> _PROBLEM TO SOLVE_: With the pictures set aside, return the lines below exactly, beginning at the first and ending at the line containing "We wtorek, 22".

> _INFORMATION PROVIDED_:
☆ ☆ ☆ ☆ ☆
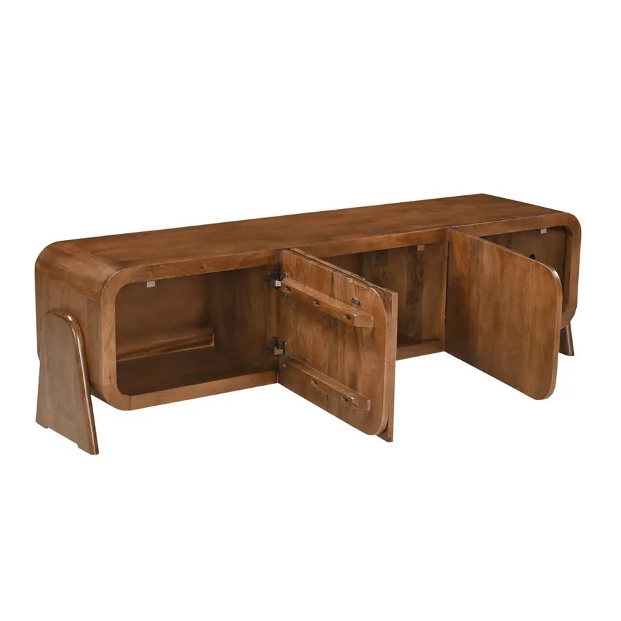 Szafka TV BRASIL dostarczany jest w stanie zmontowanym i zachwyca opływowym, bezuchwytowym designem. Za czworgiem bezuchwytowych drzwiczek kryją się cztery pojemne przegródki, oferujące wszechstronne miejsce do przechowywania naczyń, dekoracji lub dokumentów. Efektowne nóżki boczne nadają kredensowi stylową lekkość i podkreślają jego ręcznie robiony charakter. Niezależnie od tego, czy znajduje się w salonie, jadalni, czy przedpokoju – BRASIL to funkcjonalny element przyciągający wzrok o naturalnym charakterze.
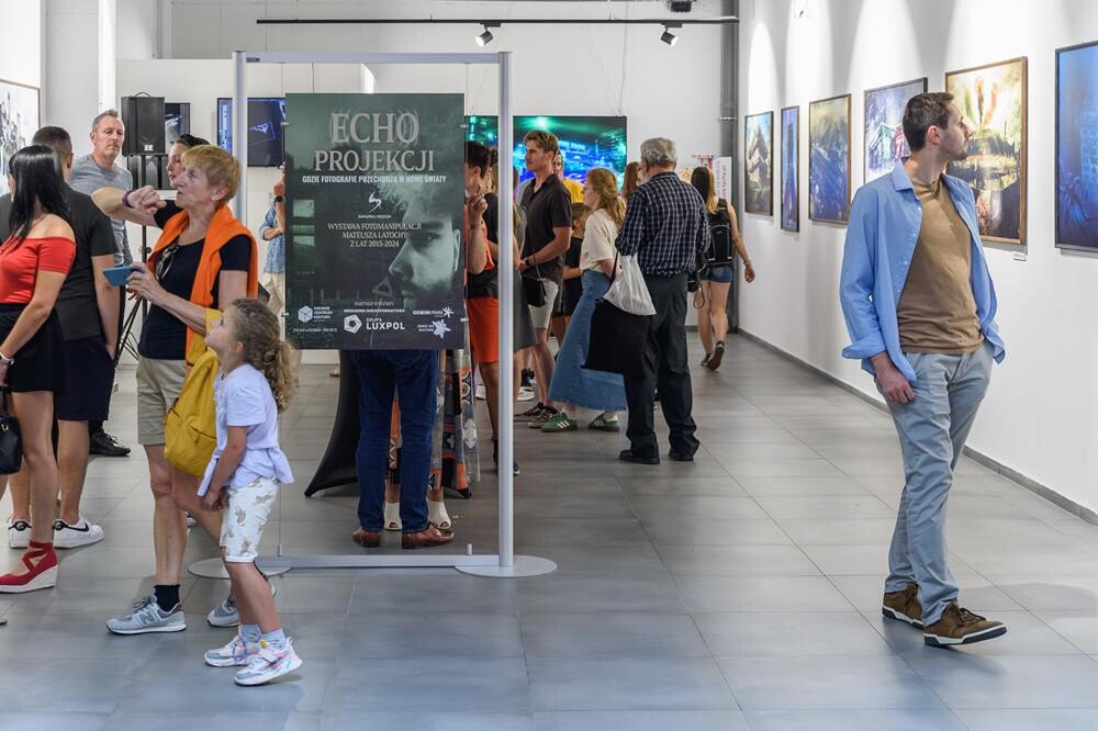 We wtorek, 22 lipca odbył się uroczysty wernisaż wystawy „Echo projekcji” w Okno na Kulturę w Gemini Park Tychy. Podczas spotkania goście mieli okazję poznać Mateusza Latochę – autora wystawy, porozmawiać z nim o kulisach powstawania jego prac i zgłębić proces twórczy, który przekształcił znane tyskie zakątki w futurystyczne wizje.
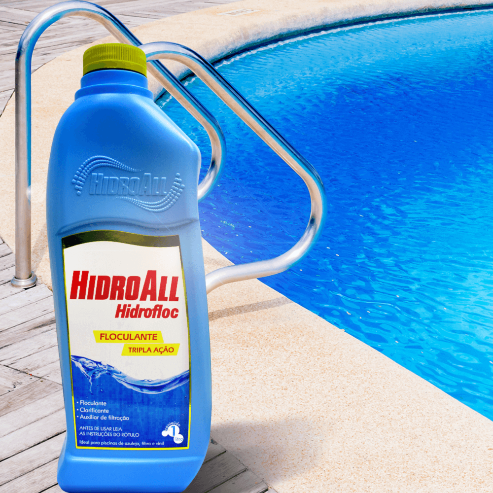 O Hidrofloc Tripla Ação aglutina as partículas microscópicas em suspensão na água, formando flóculos maiores e mais pesados, que passam a ser retidos pelo meio filtrante ou descem para o fundo da piscina tornando a água totalmente cristalina.
☆ ☆ ☆ ☆ ☆
> _ANSWER SECTION_:
 Szafka TV BRASIL dostarczany jest w stanie zmontowanym i zachwyca opływowym, bezuchwytowym designem. Za czworgiem bezuchwytowych drzwiczek kryją się cztery pojemne przegródki, oferujące wszechstronne miejsce do przechowywania naczyń, dekoracji lub dokumentów. Efektowne nóżki boczne nadają kredensowi stylową lekkość i podkreślają jego ręcznie robiony charakter. Niezależnie od tego, czy znajduje się w salonie, jadalni, czy przedpokoju – BRASIL to funkcjonalny element przyciągający wzrok o naturalnym charakterze.
 We wtorek, 22 lipca odbył się uroczysty wernisaż wystawy „Echo projekcji” w Okno na Kulturę w Gemini Park Tychy. Podczas spotkania goście mieli okazję poznać Mateusza Latochę – autora wystawy, porozmawiać z nim o kulisach powstawania jego prac i zgłębić proces twórczy, który przekształcił znane tyskie zakątki w futurystyczne wizje.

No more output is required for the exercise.